The performance is defined as TEPS (an abbreviation for Traversed Edges Per Second), that is, the number of graph arcs processed by the algorithm in a second. Using this characteristic, one can compare the performance for graphs of different sizes and estimate how the performance gets worse when the graph size increases.
4 Dynamic characteristics and efficiency of the algorithm implementation
All the results were obtained with the «Lomonosov-2» supercomputer. We used Intel Xeon E5-2697v3 processors. The problem was solved for a large graph (of size 2^27) on a single node. Only one iteration was performed. The figures below illustrate the efficiency of this implementation.

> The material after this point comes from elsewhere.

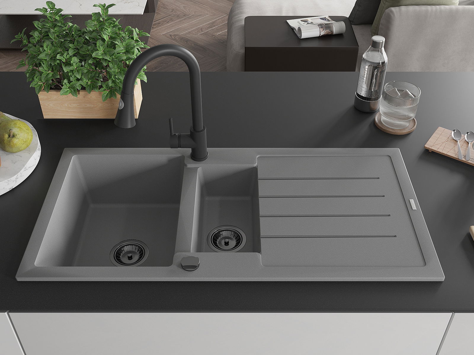 Dřez byl vyroben z vysoce kvalitního granitu. Představuje elegantní a především praktický doplněk každé kuchyně, bez ohledu na její styl. Vysoká kvalita a trvanlivost granitu zajišťují dlouholeté používání.

The graph of CPU loading shows that the processor is idle almost all the time: the average level of loading is about 10 percent. This is an ordinary result for programs launched with the use of only one core.
The graph of the number of processes expecting the beginning of the calculation stage (Loadavg) shows that the value of this parameter in the course of the program execution is always close to 2. This indicates that the hardware resources are all the time loaded by at most two processes. Such a small number points to a not very reasonable use of resources.
The graph of L1 cache misses shows that the number of misses is very large (on the level of 40 millions per second). It is interesting that this number increases to the level of 70 millions per second to the end of iteration.
The graph of L2 cache misses shows that the number of such misses is also very large (on the level of 30 millions per second). This number increases to the end of iteration (to the level of 50 millions per second). Such an increase is more evident here than in figure 13.
The graph of L3 cache misses shows that the number of these misses is again large; it is about 30 millions per second. This indicates that the problem fits very badly into cache memory, and the program is compelled to work all the time with RAM, which is explained by the very large size of the input graph.
The graph of the data rate through Infiniband network shows a fairly high intensity of using this network at the first stage. This is explained by the program logic, which assumes the reading of the graph from a disc file. On Lomonosov-2, communications with this disc are performed through a dedicated Infiniband network.
The graph of the data rate measured in packets per second demonstrates a similar picture of very high intensity at the first stage of executing the problem. Later on, the network is almost not used.
On the whole, the data of system monitoring make it possible to conclude that the program worked with a stable intensity. However, it used the memory very inefficiently due to the extremely large size of the graph.